> _DATASET EXTRACT_:
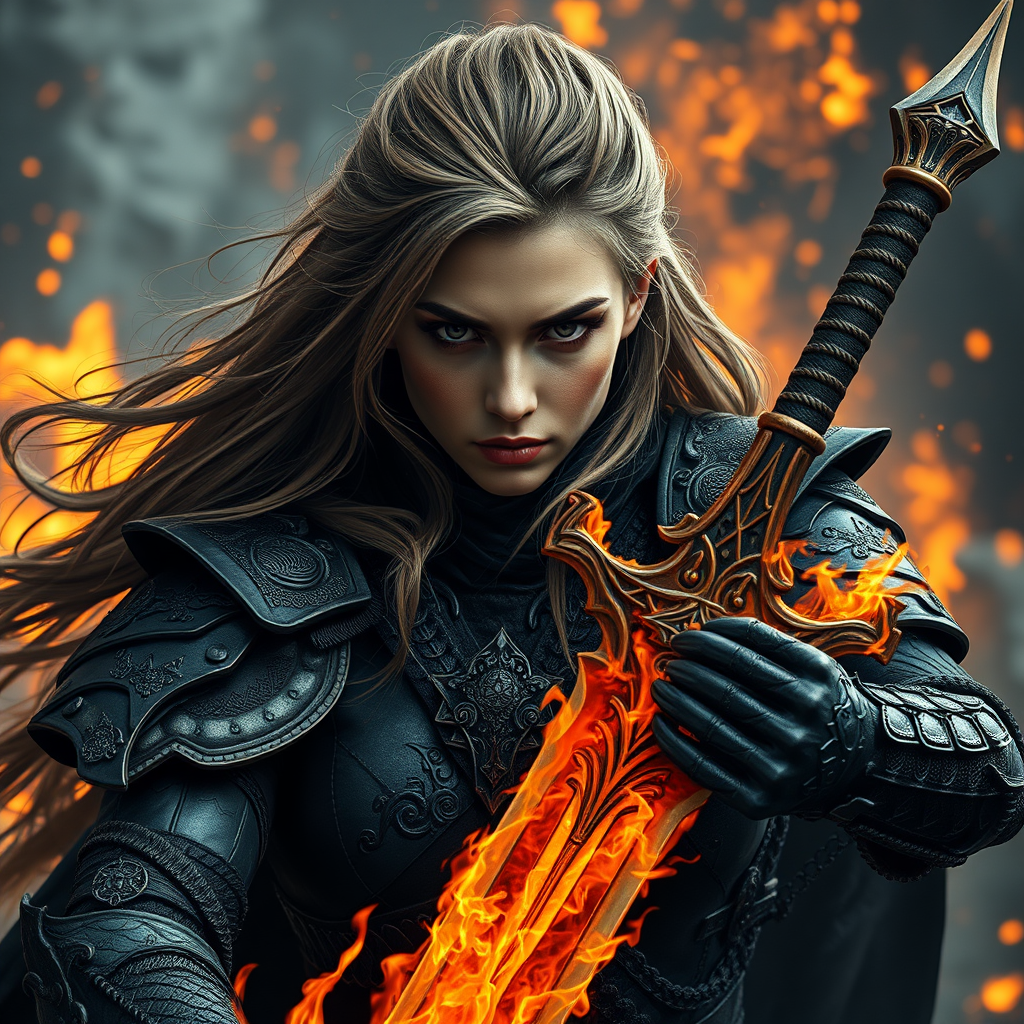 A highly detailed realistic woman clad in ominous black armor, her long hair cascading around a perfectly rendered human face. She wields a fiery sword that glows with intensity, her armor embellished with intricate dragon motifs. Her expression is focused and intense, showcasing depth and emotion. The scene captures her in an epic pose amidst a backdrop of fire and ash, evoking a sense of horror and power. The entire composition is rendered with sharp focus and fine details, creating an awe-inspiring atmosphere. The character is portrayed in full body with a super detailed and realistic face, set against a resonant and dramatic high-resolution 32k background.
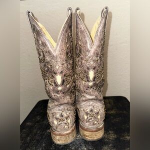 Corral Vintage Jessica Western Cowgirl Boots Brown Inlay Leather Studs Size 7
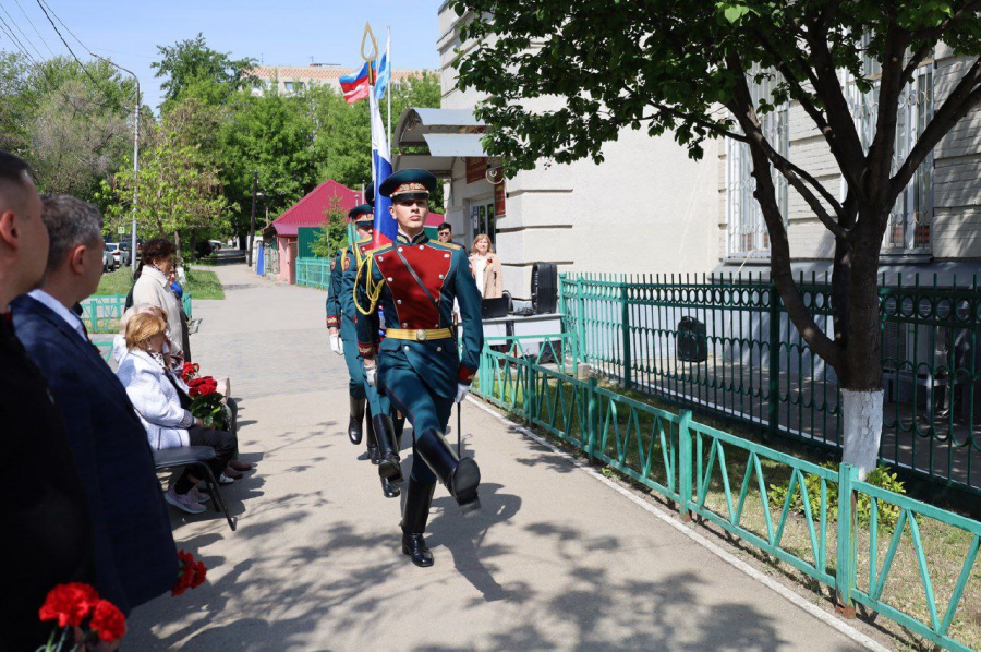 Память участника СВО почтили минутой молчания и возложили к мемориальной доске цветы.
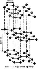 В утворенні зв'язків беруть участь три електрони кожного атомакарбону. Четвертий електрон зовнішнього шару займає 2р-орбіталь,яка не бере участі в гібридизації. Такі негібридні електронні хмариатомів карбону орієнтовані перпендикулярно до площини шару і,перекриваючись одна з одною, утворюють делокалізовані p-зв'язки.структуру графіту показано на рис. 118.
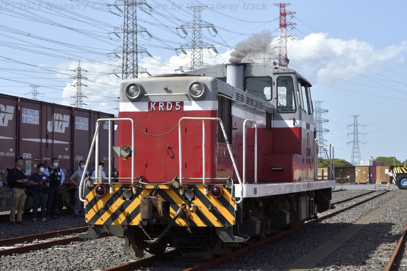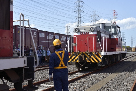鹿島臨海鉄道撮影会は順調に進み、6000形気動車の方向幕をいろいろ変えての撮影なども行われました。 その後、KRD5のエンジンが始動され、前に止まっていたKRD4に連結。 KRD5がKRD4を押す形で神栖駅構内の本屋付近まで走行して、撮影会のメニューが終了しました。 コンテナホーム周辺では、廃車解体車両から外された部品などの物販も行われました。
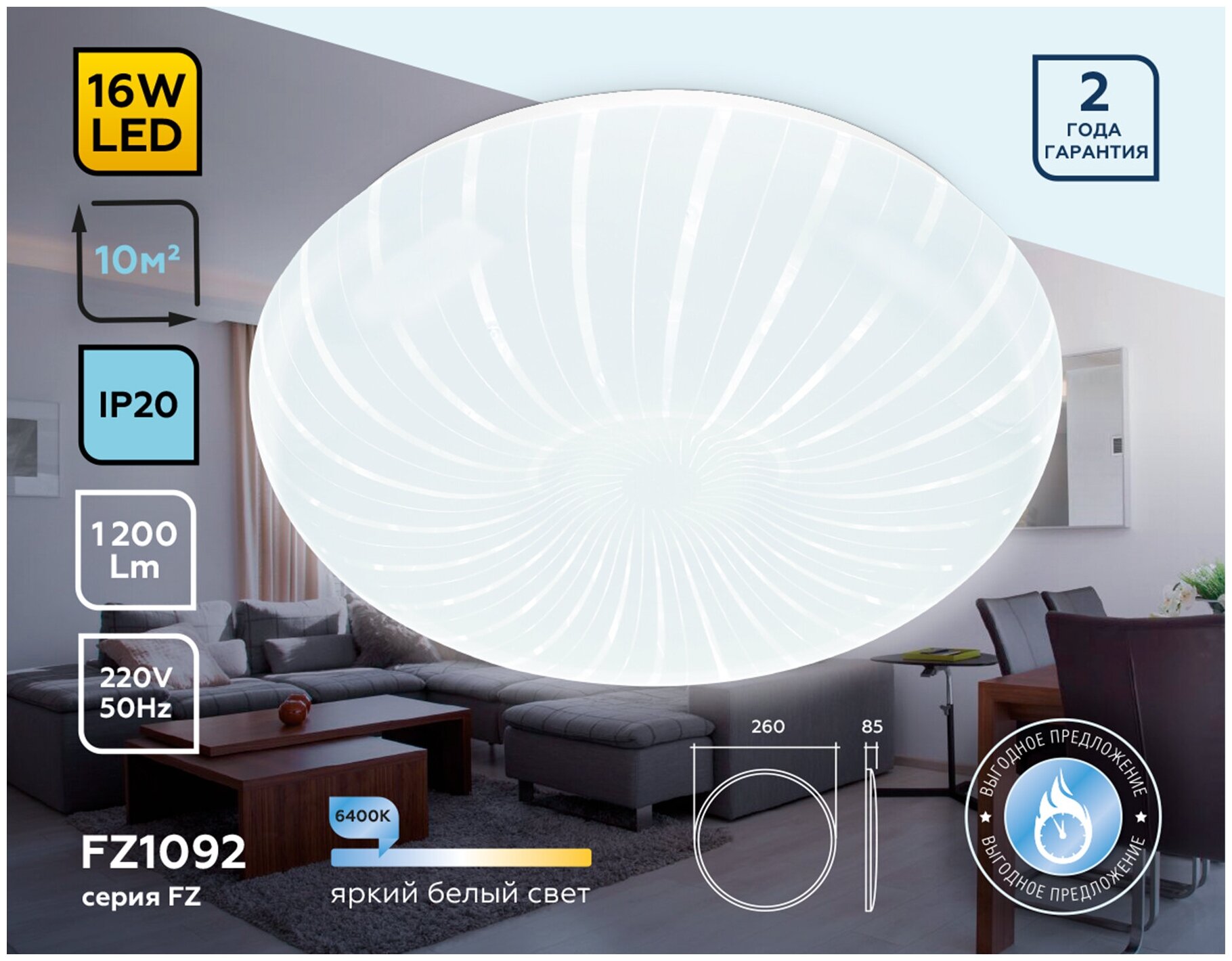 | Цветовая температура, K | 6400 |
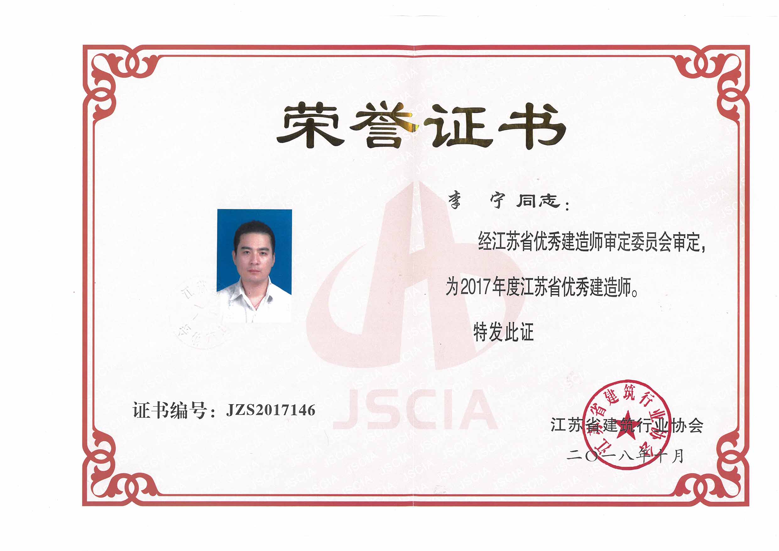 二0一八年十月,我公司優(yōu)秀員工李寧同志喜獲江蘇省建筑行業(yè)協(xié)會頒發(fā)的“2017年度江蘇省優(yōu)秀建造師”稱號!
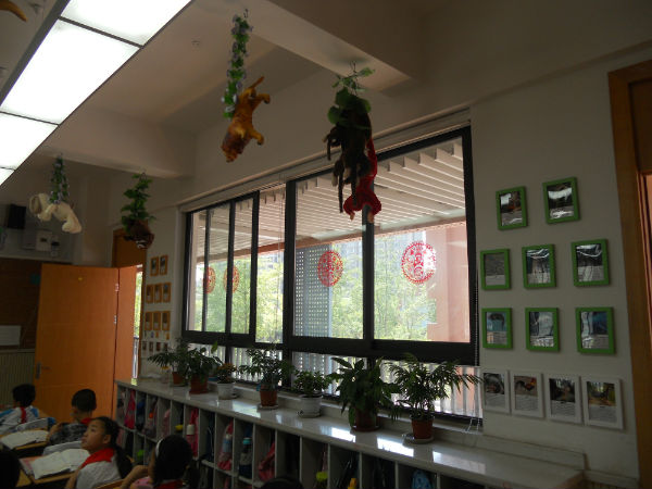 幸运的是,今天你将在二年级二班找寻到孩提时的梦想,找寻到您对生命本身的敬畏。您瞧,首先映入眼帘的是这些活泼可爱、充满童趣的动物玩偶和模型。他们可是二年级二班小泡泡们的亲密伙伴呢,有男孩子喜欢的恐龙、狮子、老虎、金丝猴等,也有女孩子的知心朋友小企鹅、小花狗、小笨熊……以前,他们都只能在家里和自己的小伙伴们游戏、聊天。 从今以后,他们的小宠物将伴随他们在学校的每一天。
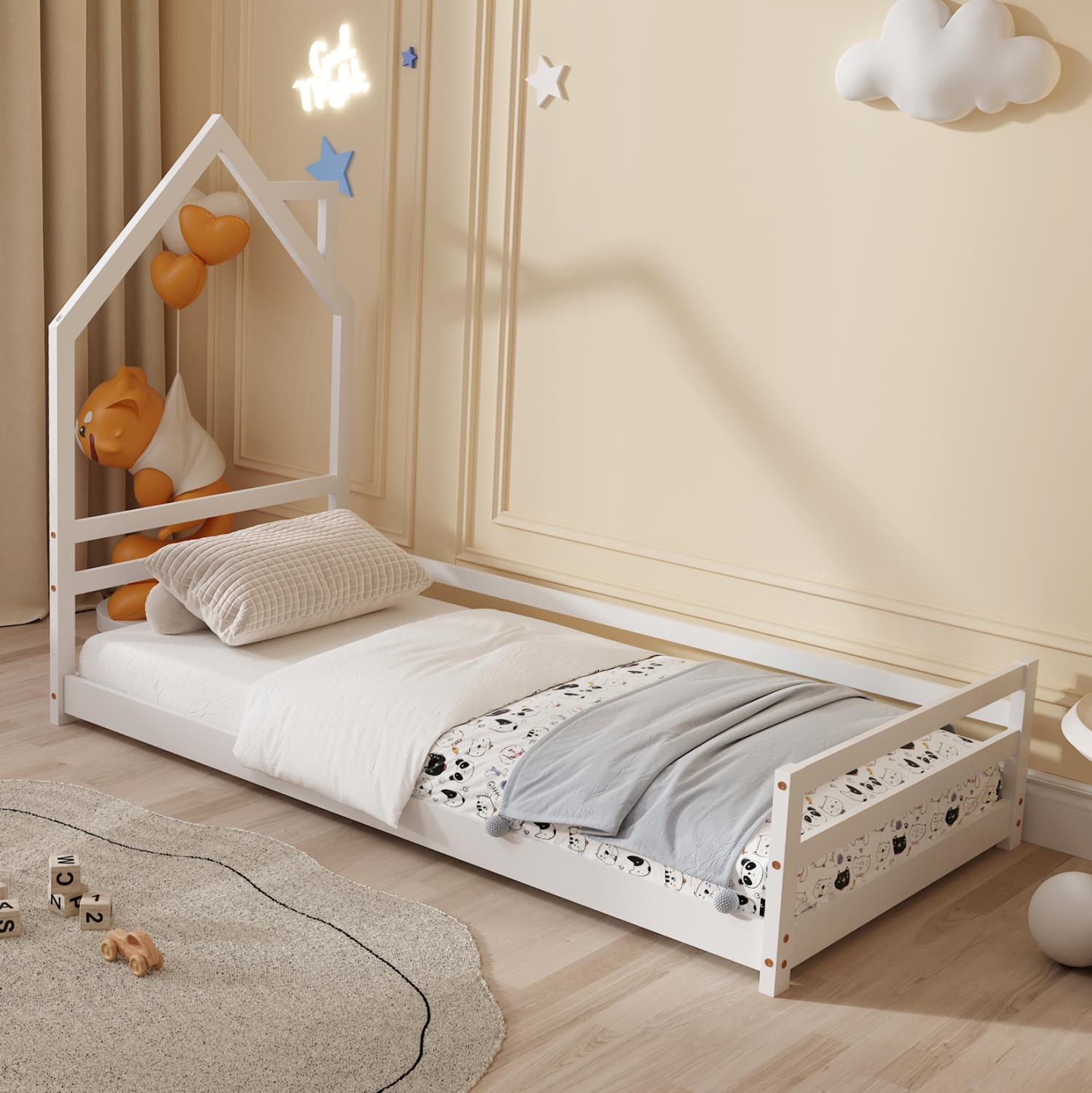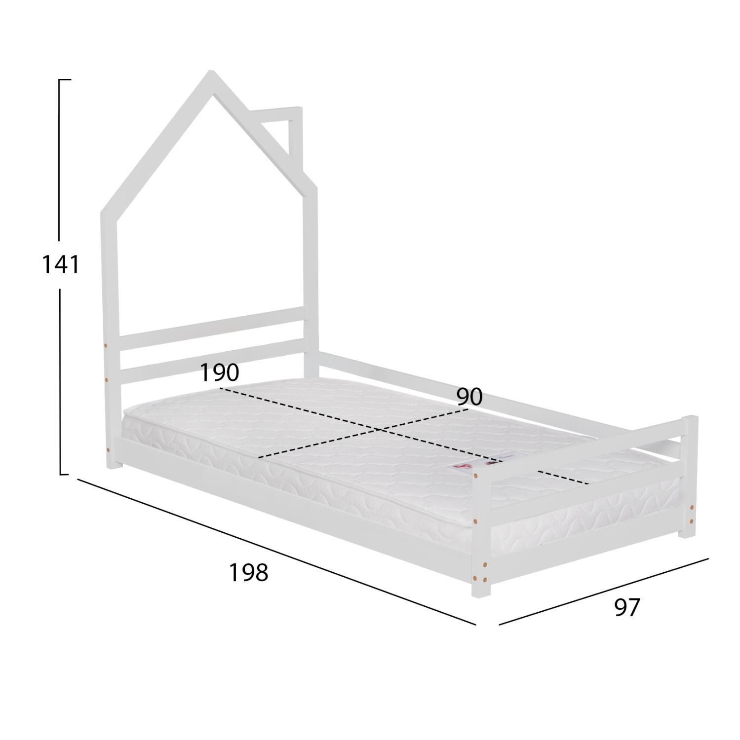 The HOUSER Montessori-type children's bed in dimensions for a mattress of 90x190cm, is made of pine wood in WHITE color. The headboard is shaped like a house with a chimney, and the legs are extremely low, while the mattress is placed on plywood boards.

> _TASK BRIEF_: When a record holds a picture, leave that picture out; copy the rest verbatim.

> _TASK OUTPUT_:
 A highly detailed realistic woman clad in ominous black armor, her long hair cascading around a perfectly rendered human face. She wields a fiery sword that glows with intensity, her armor embellished with intricate dragon motifs. Her expression is focused and intense, showcasing depth and emotion. The scene captures her in an epic pose amidst a backdrop of fire and ash, evoking a sense of horror and power. The entire composition is rendered with sharp focus and fine details, creating an awe-inspiring atmosphere. The character is portrayed in full body with a super detailed and realistic face, set against a resonant and dramatic high-resolution 32k background.
 Corral Vintage Jessica Western Cowgirl Boots Brown Inlay Leather Studs Size 7
 Память участника СВО почтили минутой молчания и возложили к мемориальной доске цветы.
 В утворенні зв'язків беруть участь три електрони кожного атомакарбону. Четвертий електрон зовнішнього шару займає 2р-орбіталь,яка не бере участі в гібридизації. Такі негібридні електронні хмариатомів карбону орієнтовані перпендикулярно до площини шару і,перекриваючись одна з одною, утворюють делокалізовані p-зв'язки.структуру графіту показано на рис. 118.
鹿島臨海鉄道撮影会は順調に進み、6000形気動車の方向幕をいろいろ変えての撮影なども行われました。 その後、KRD5のエンジンが始動され、前に止まっていたKRD4に連結。 KRD5がKRD4を押す形で神栖駅構内の本屋付近まで走行して、撮影会のメニューが終了しました。 コンテナホーム周辺では、廃車解体車両から外された部品などの物販も行われました。
 | Цветовая температура, K | 6400 |
 二0一八年十月,我公司優(yōu)秀員工李寧同志喜獲江蘇省建筑行業(yè)協(xié)會頒發(fā)的“2017年度江蘇省優(yōu)秀建造師”稱號!
 幸运的是,今天你将在二年级二班找寻到孩提时的梦想,找寻到您对生命本身的敬畏。您瞧,首先映入眼帘的是这些活泼可爱、充满童趣的动物玩偶和模型。他们可是二年级二班小泡泡们的亲密伙伴呢,有男孩子喜欢的恐龙、狮子、老虎、金丝猴等,也有女孩子的知心朋友小企鹅、小花狗、小笨熊……以前,他们都只能在家里和自己的小伙伴们游戏、聊天。 从今以后,他们的小宠物将伴随他们在学校的每一天。
 The HOUSER Montessori-type children's bed in dimensions for a mattress of 90x190cm, is made of pine wood in WHITE color. The headboard is shaped like a house with a chimney, and the legs are extremely low, while the mattress is placed on plywood boards.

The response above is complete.